1- Bring in one, just one, project lead who is a specialist of the technical domain. E.g. if you're building a web app, hire a seasoned web developer, instead of relying on your in-house electrical engineer, whom you allowed to architect the previous solution, because they managed to convince you that code is code.

2- Let the new lead vet every member of the old team, including (especially) the old team leaders.

3- Allow the new lead to drop any dead wood.

rewmie · 2 years ago

> If the old solution is so problematic that nothing can be salvaged from it and the best solution is a full rewrite, instead of some refactoring or modifications, then your problem is not so much that the code is solving the wrong problems. The problem is the team that built it.

I think you're too quick to point fingers and too desperate to throw people under the bus to pass yourself as saviour.

There are plenty of everyday scenarios where software piles up technical debt in spite of the developers. All it takes is a single requirement to change for an entire tech stack to become a problem instead of problem-solver, and all it takes is a business goal to be met at record time to pile up quick-and-dirty solutions instead of well-architected implementations. These happen far more often than replacing whole teams, and new project leads solve nothing.

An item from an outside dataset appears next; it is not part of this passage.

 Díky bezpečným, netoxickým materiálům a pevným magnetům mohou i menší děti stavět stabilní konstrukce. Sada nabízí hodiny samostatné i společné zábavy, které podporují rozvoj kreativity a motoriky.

I've worked on a legacy project which started as a multi-platform desktop app that in the meantime became Windows-only. You can imagine the cruft that resulted from this requirements change alone. During the same period, business requirements changed to support new major features, and Microsoft started pushing for Windows 11. Of course we discussed a major rewrite, as the legacy tech stack didn't supported native Windows features well and the legacy application was riddled with multi-platform code that made no sense anymore. Switching to vanilla WPF alone would eliminate 90% of the project's pain points.

Tell me exactly how the team created this problem, and how you would be the key to fix it.

bazoom42 · 2 years ago

Why can’t the existing code just be adapted to the new requirement? Code is supposed to be mallable. But perhaps the code was designed too rigid to support changing requirements. In that case you will have exactly the same problem after the rewrite, next time requirements change again.

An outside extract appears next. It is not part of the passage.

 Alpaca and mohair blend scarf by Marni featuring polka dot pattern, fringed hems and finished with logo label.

BillyTheKing · 2 years ago

It depends a little, sometimes companies (especially start-ups) pivot quite substantially - With a Fintech that I've worked with from the beginning (which went through ups and downs, but ultimately ended up quite successful) we started issuing debit cards and pivoted to loans. At some point we just needed a different app that was properly written for the use-case that we ended up serving. It's like the parent said, the re-write was done by the same team (mostly) - those were 4 busy months but it ended up quite successful and imo it was worth it at the end. And I have to admit I was actually very critical of the re-write approach initially..

Well, you kinda answered yourself: code is supposed to be malleable, but sometimes it isn't.

Even when it follows trends and best practices, you might end up with non-malleable code. Perhaps especially when you over-do trends (eg: metaprogramming, 15 years ago) or best practices (design patterns, 100% unit test coverage, etc).

You will only have the same problem if you fail to solve the malleability problem.

Obviously satire, but in real life, there are reasons why a full rewrite becomes appealing. Perhaps the solution even.

One is overwhelming technical debt. Code where the project manager didn't believe in encapsulation, or refactoring, or none of that "architectural nonsense", and was only fired 5 years too late. Code that is difficult to understand, maintain, test, debug, change. Code that follows you home after-hours and on the week-ends. Code that nurses you to bed at night, shows up in your dreams, and wakes you up in the morning. Code that has made many a colleague look for employment elsewhere and new hires give up and quit in their first week.

Every time I see someone profess with assurance that you don't rewrite, I just know that that person has never really experienced the hell I've described above.

anonzzzies · 2 years ago

I am against rewrites of any significance because they generally just end up worse. Joel Spolsky wrote about that a long time ago as did others; most software that’s older has millions of badly documented changes applied by 1000s of people over the decades and rewriting tends to take literally forever (never finishes) or at least much long than anyone estimated times PI. And then the endresult is usually just as crappy but with more bugs.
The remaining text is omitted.